We have all been in this place, where everyday life takes hold, it can even feel like a stranglehold. There is just so much stuff to get through, so many responsibilities and a never-ending To Do list. Getting stuck in this place can lead us down the path of stress, overwhelm and ultimately burnout.
We feel so busy, in a constant mode of ‘Doing’, we forget how to just ‘Be’.
Recently, after a burnout from overwork and being overcommitted, life forced me to take stock, step right back and evaluate how far I had stepped into this mode of ‘Doing’ on an endless Rinse, Repeat cycle. I had got so used to it, it felt normal to work 14 hours a day, there was so much work to do and it became the new normal.

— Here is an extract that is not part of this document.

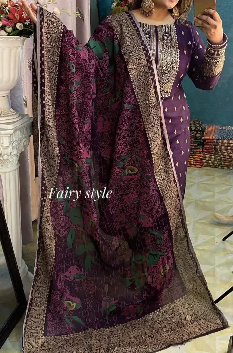 This Pure Cotton Unstitched Afsan and Screen Print Three-Piece Set for women offers an ethnic and stylish design, perfect for all seasons. The set includes an unstitched fabric for a customized fit, allowing flexibility in size and style. The fabric is made of high-quality pure cotton, providing comfort and breathability for year-round wear. The screen print detailing enhances its visual appeal, making it a fashionable choice for various occasions. Ideal for women seeking an ethnic and trendy look, this set can be tailored to your preference and is versatile for casual or semi-formal events.
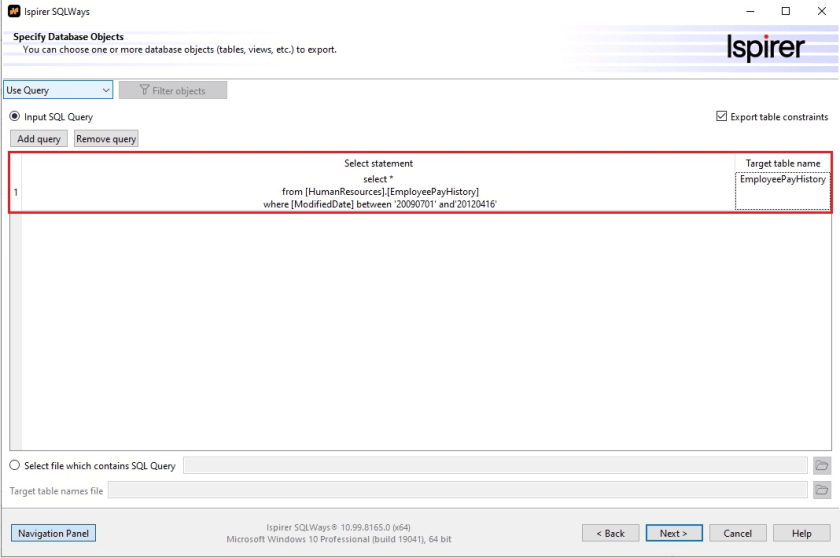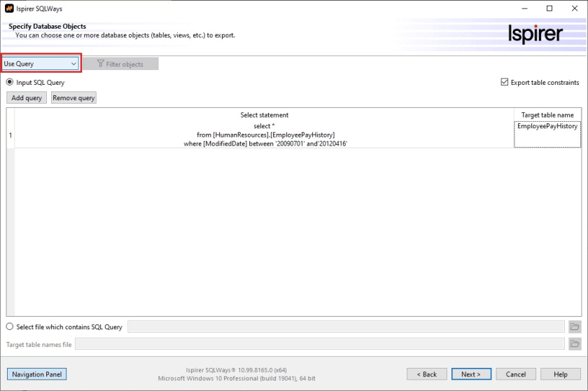 1) On the “Specify Database Objects” page choose “Use Query”:

When my body, mind and spirit shouted in unison ‘STOP!!!’ I felt empty, numb in a state of shock and so drained. I started to realise how much I had allowed work, which I loved, to seep into all aspects of my personal life, to the point where there weren’t any boundaries between the two. My life was completely blended. Thankfully, I had help - a loving family, access to an amazing counsellor and wonderful friends.
Burnout Symptoms
The recovery path has been a profound one, a burnout is an easy word to say, quite a big pit to end up in, where nerves feel frazzled, the mind can’t seem to focus on much, the feelings and emotions feel invisible and hard to reach and the most minor thing that doesn’t go right can lead to a meltdown of epic proportions. Fragility, anxiety and low mood to the point of depression become normal as the slow climb back to self begins. I have learned a huge amount and have been humbled.
Superwoman is not a good listener
I now know I can no longer act in full ‘SuperWoman’ mode. It can feel good, be impressive and can suit high achievers, but SuperWoman doesn’t listen to the quiet inner voice that may have a question over the unsustainable pace of life.
Processing Stress
I have learned that stress, or any emotional response, needs to go in, be felt, processed and released out. I was unwittingly letting stress in but not allowing any time at all to process it. BIG lesson there!
Reconnecting with your emotions
When we are in ‘Being’ mode, when an emotional response does arise, we can allow ourselves to connect with it. This means noticing it, feeling where it is experienced in your body, talking or writing about how it feels and allowing time to pass, gently, free from judgement. Taking a breath, deeply allows us to pause and feel present, connected with what we are feeling in the moment and recognising the experience then noticing it subside. If we practice this, emotions can become familiar, recognised and can be processed healthily, even if they feel uncomfortable. Emotions need oxygen, to be seen in the light of day and to be recognised, witnessed and allowed to process through, then out.
Be Kind to Yourself
You are recovering from a burnout. You absolutely don’t need any pressure to speed it up! Make your morning rituals a non-negotiable. Self care wasn’t even possible previously, no time. Now I can’t start the day without my ‘Morning Pages’ journal (Julia Cameron - The Artist’s Way), my morning hot lemon drink, bath with Epsom salts and essential oils and my connect with my inner self and Mother Earth. Taking care of yourself can take many forms. You will know what works for you. Write down any ‘little wins’ to mark moments that are positive. The incremental build of these moments and positive experiences are what helps you to recover.
Ask for Help
Support can come in many forms. Allowing vulnerability in is key to allowing help and support to find you.